最高裁判所第一小法廷判決平成20年04月24日

【事案】

 大動脈弁閉鎖不全のためA大学医学部附属病院(以下「本件病院」という。)に入院して大動脈弁置換術(以下「本件手術」という。)を受けたBが本件手術の翌日に死亡したことについて,Bの相続人である被上告人らが,本件手術についてのチーム医療の総責任者であり,かつ,本件手術を執刀した医師である上告人に対し,本件手術についての説明義務違反があったこと等を理由として,不法行為に基づく損害賠償を請求する事案。

【判旨】

 一般に,チーム医療として手術が行われる場合,チーム医療の総責任者は,条理上,患者やその家族に対し,手術の必要性,内容,危険性等についての説明が十分に行われるように配慮すべき義務を有するものというべきである。しかし,チーム医療の総責任者は,上記説明を常に自ら行わなければならないものではなく,手術に至るまで患者の診療に当たってきた主治医が上記説明をするのに十分な知識,経験を有している場合には,主治医に上記説明をゆだね,自らは必要に応じて主治医を指導,監督するにとどめることも許されるものと解される。そうすると,チーム医療の総責任者は,主治医の説明が十分なものであれば,自ら説明しなかったことを理由に説明義務違反の不法行為責任を負うことはないというべきである。また,主治医の上記説明が不十分なものであったとしても,当該主治医が上記説明をするのに十分な知識,経験を有し,チーム医療の総責任者が必要に応じて当該主治医を指導,監督していた場合には,同総責任者は説明義務違反の不法行為責任を負わないというべきである。
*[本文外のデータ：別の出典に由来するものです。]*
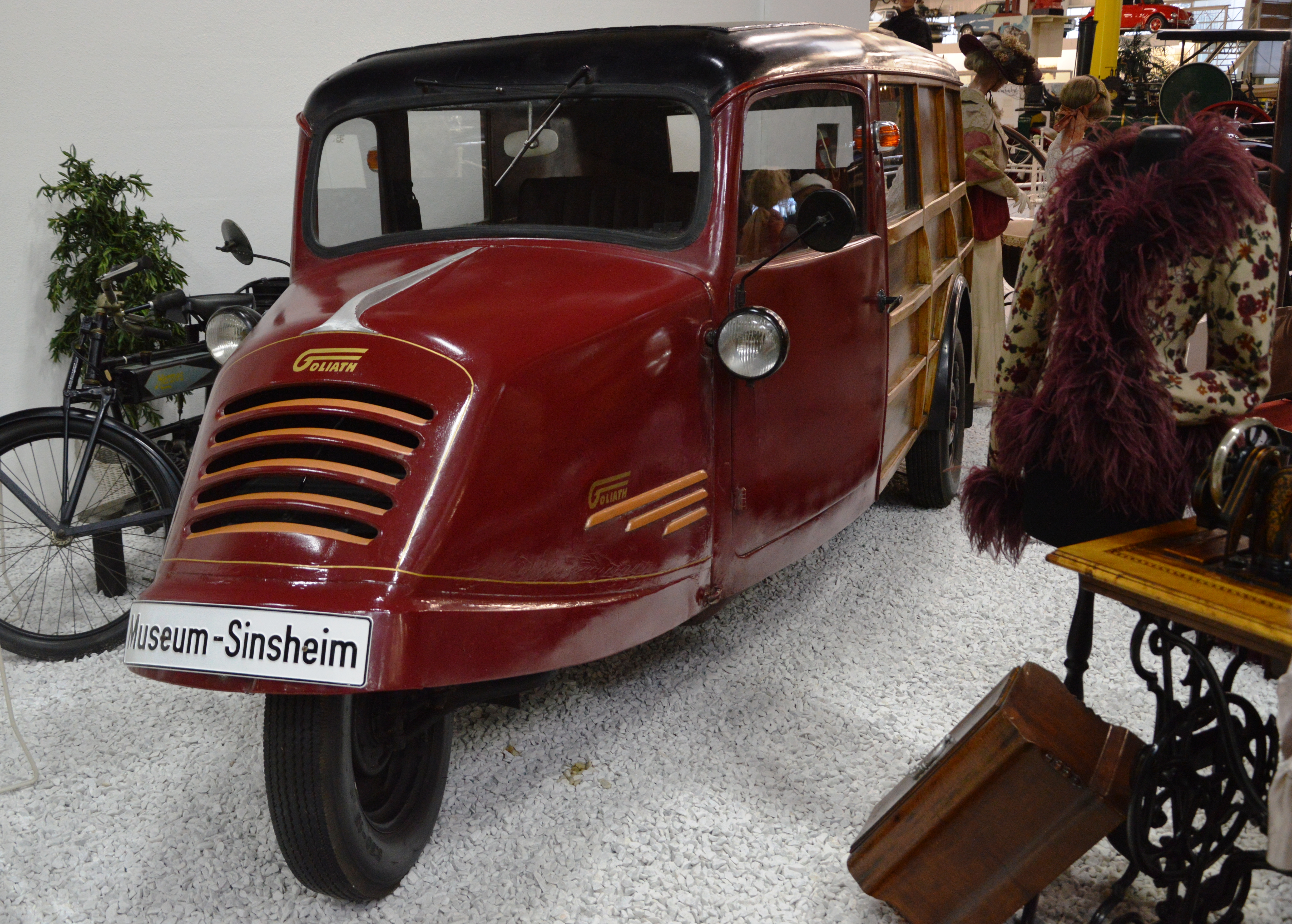 Goliath GD 750 three-wheeler. Built 1952. Wooden construction. 396 cm³, 2 cylinder, 14 HP. Typical small truck in the fifties in Germany. Photo taken 2013 at Car & Technology Museum Sinsheim, Germany.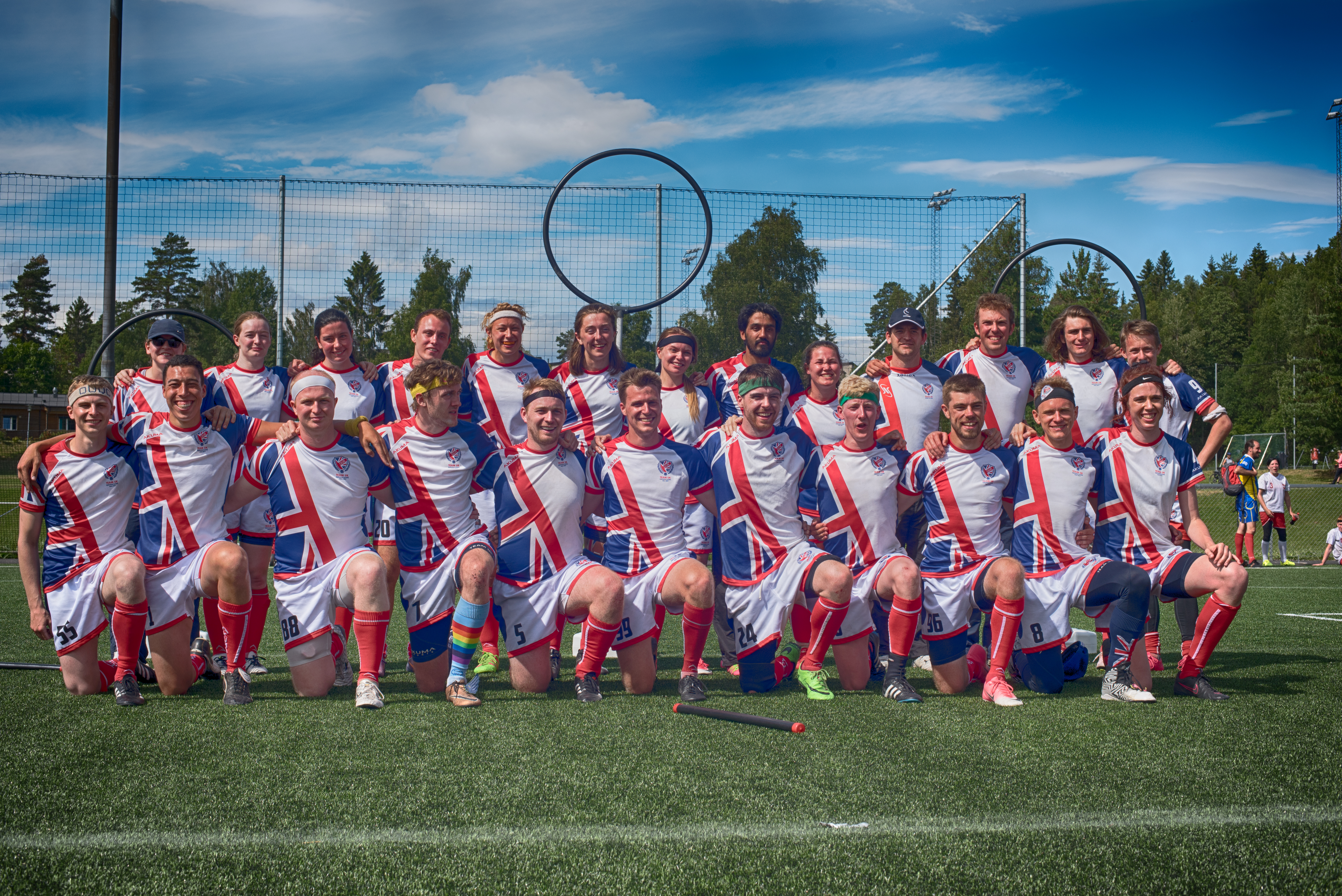 The UK national Quidditch team, winners of the 2017 European Games in Oslo, Norway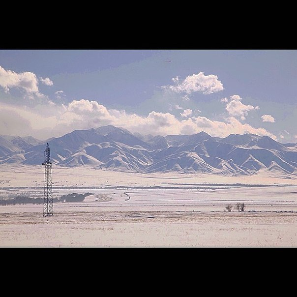 Zhualy District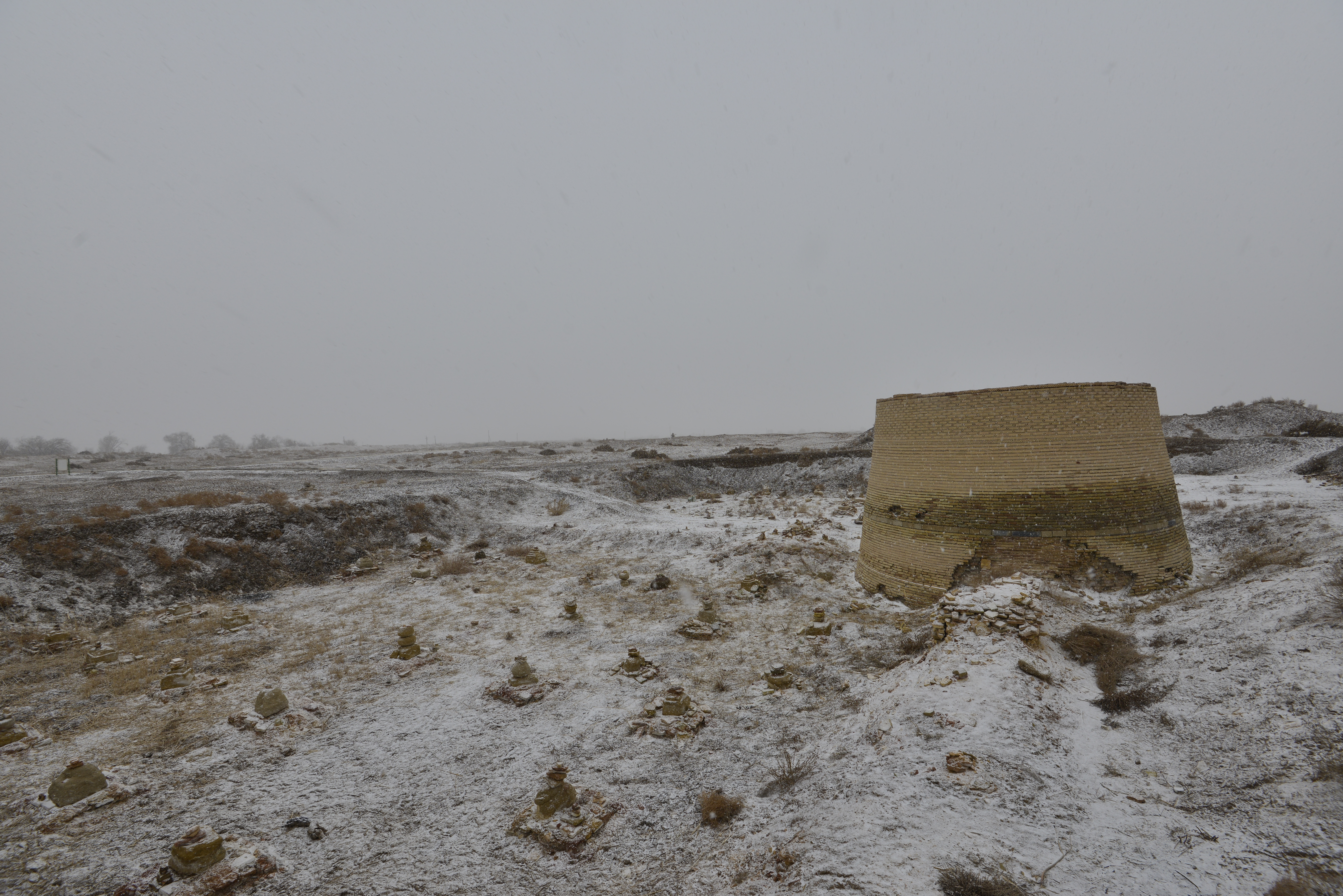 Cairn at the Mamun II Minarett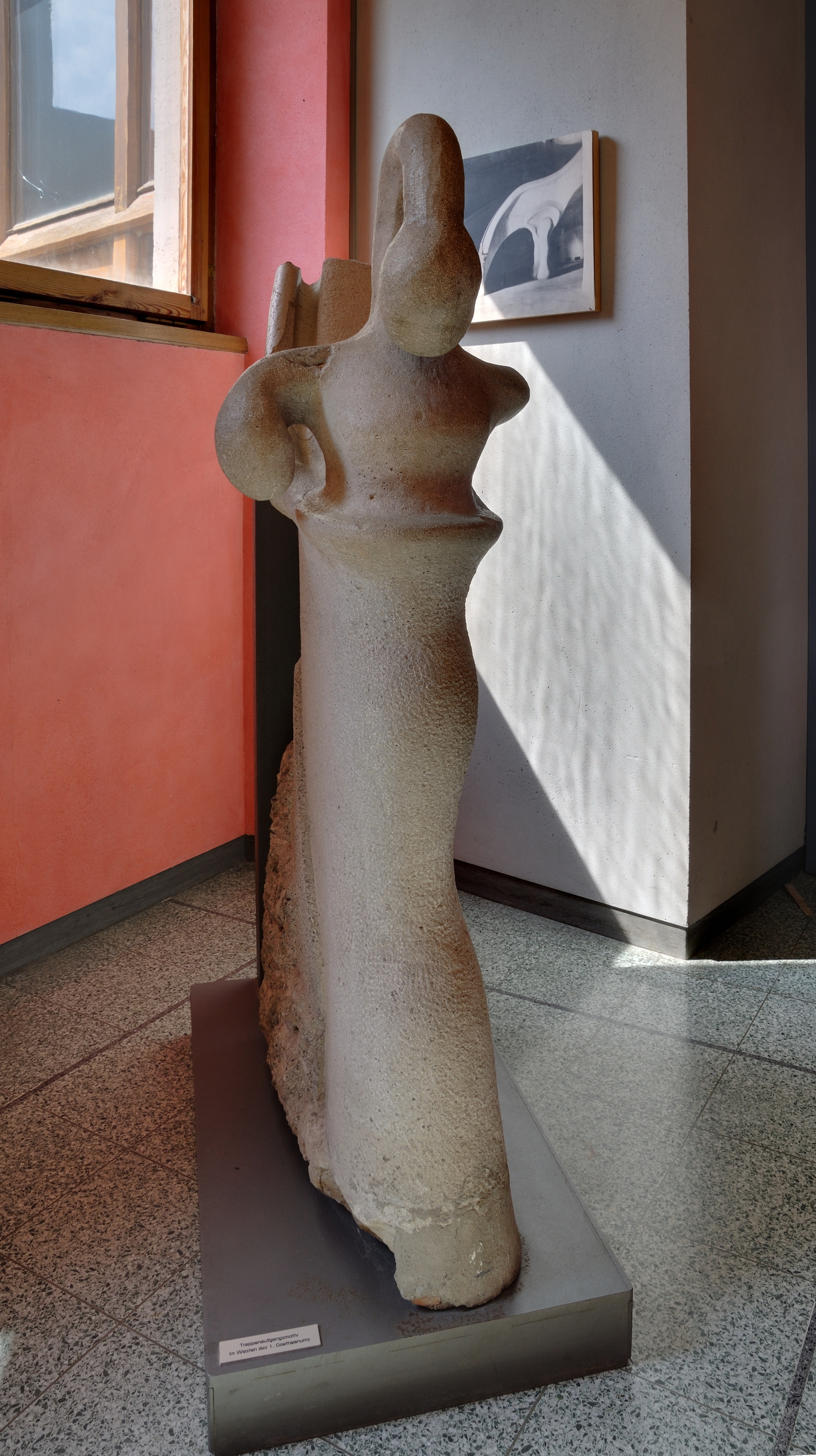 Goetheanum: Remaining newel of first Goetheanum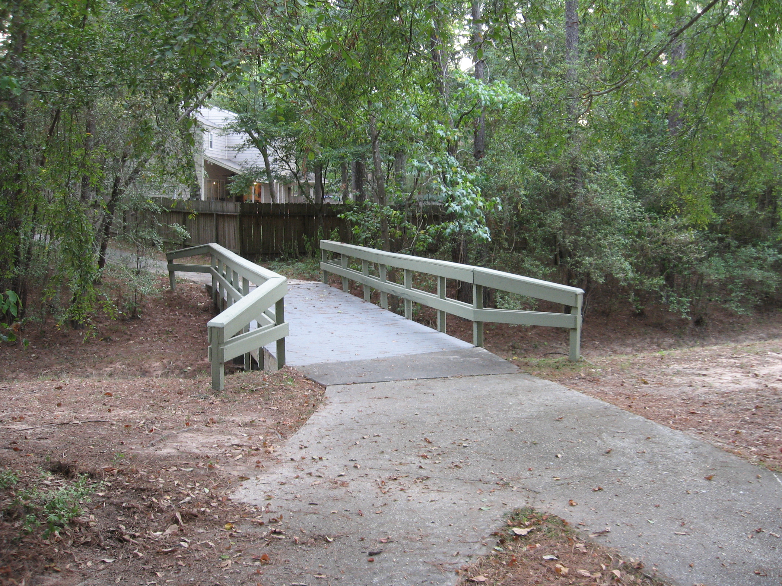 The Woodlands Texas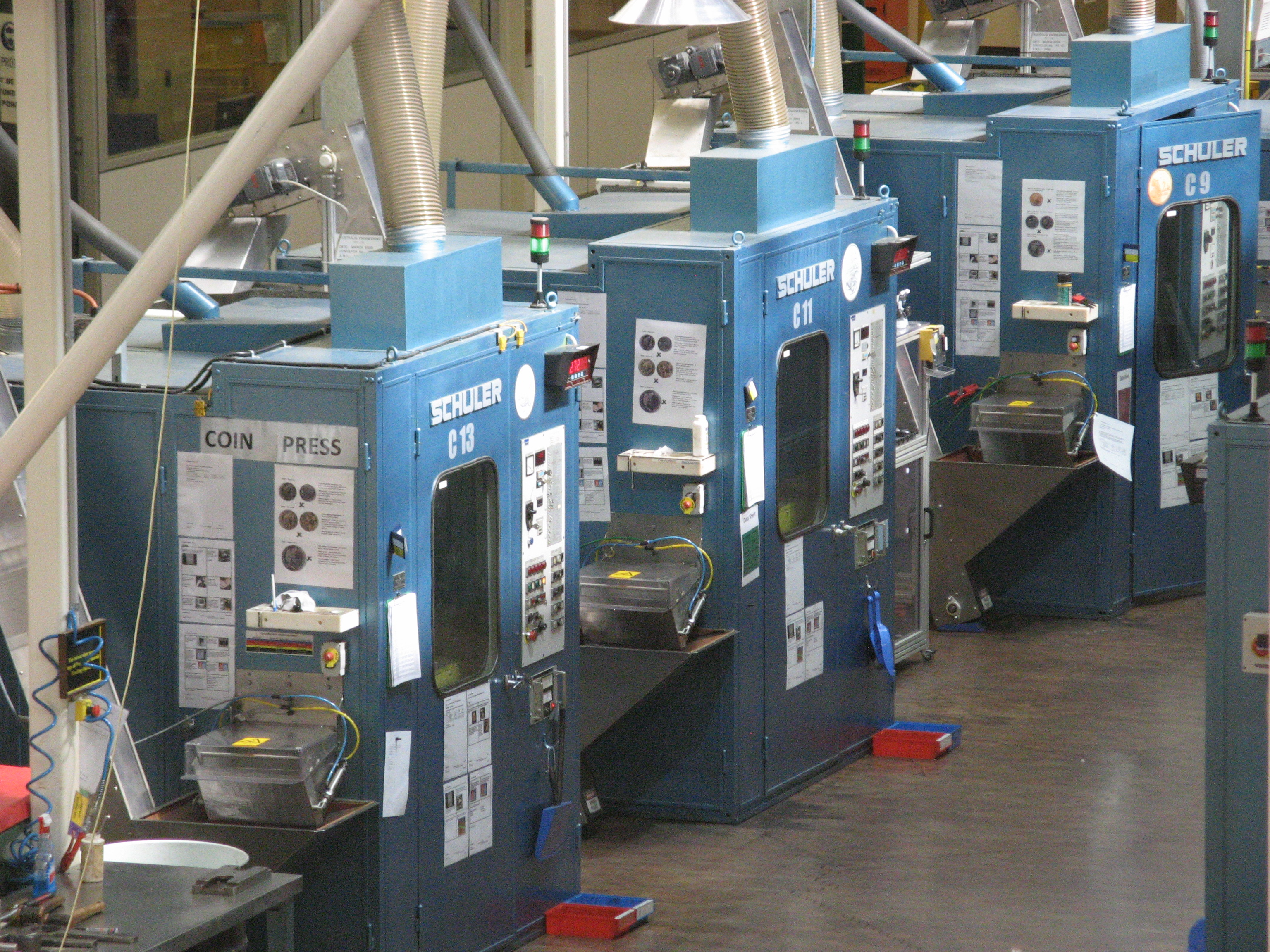 Three coining presses at the Royal Australian Mint, Canberra. These produce coins for general circulation.

このことは,チーム医療の総責任者が手術の執刀者であったとしても,変わるところはない。
 これを本件についてみると,上告人は自らB又はその家族に対し,本件手術の必要性,内容,危険性等についての説明をしたことはなかったが,主治医であるC医師が上記説明をしたというのであるから,C医師の説明が十分なものであれば,上告人が説明義務違反の不法行為責任を負うことはないし,C医師の説明が不十分なものであったとしても,C医師が上記説明をするのに十分な知識,経験を有し,上告人が必要に応じてC医師を指導,監督していた場合には,上告人は説明義務違反の不法行為責任を負わないというべきである。ところが,原審は,C医師の具体的な説明内容,知識,経験,C医師に対する上告人の指導,監督の内容等について審理,判断することなく,上告人が自らBの大動脈壁のぜい弱性について説明したことがなかったというだけで上告人の説明義務違反を理由とする不法行為責任を認めたものであるから,原審の判断には法令の解釈を誤った違法があり,この違法が判決に影響を及ぼすことは明らかである。

 

最高裁判所第二小法廷判決平成20年04月25日

【判旨】

 被告人の精神状態が刑法39条にいう心神喪失又は心神耗弱に該当するかどうかは法律判断であって専ら裁判所にゆだねられるべき問題であることはもとより,その前提となる生物学的,心理学的要素についても,上記法律判断との関係で究極的には裁判所の評価にゆだねられるべき問題である(最高裁昭和58年(あ)第753号同年9月13日第三小法廷決定・裁判集刑事232号95頁)。しかしながら,生物学的要素である精神障害の有無及び程度並びにこれが心理学的要素に与えた影響の有無及び程度については,その診断が臨床精神医学の本分であることにかんがみれば,専門家たる精神医学者の意見が鑑定等として証拠となっている場合には,鑑定人の公正さや能力に疑いが生じたり,鑑定の前提条件に問題があったりするなど,これを採用し得ない合理的な事情が認められるのでない限り,その意見を十分に尊重して認定すべきものというべきである。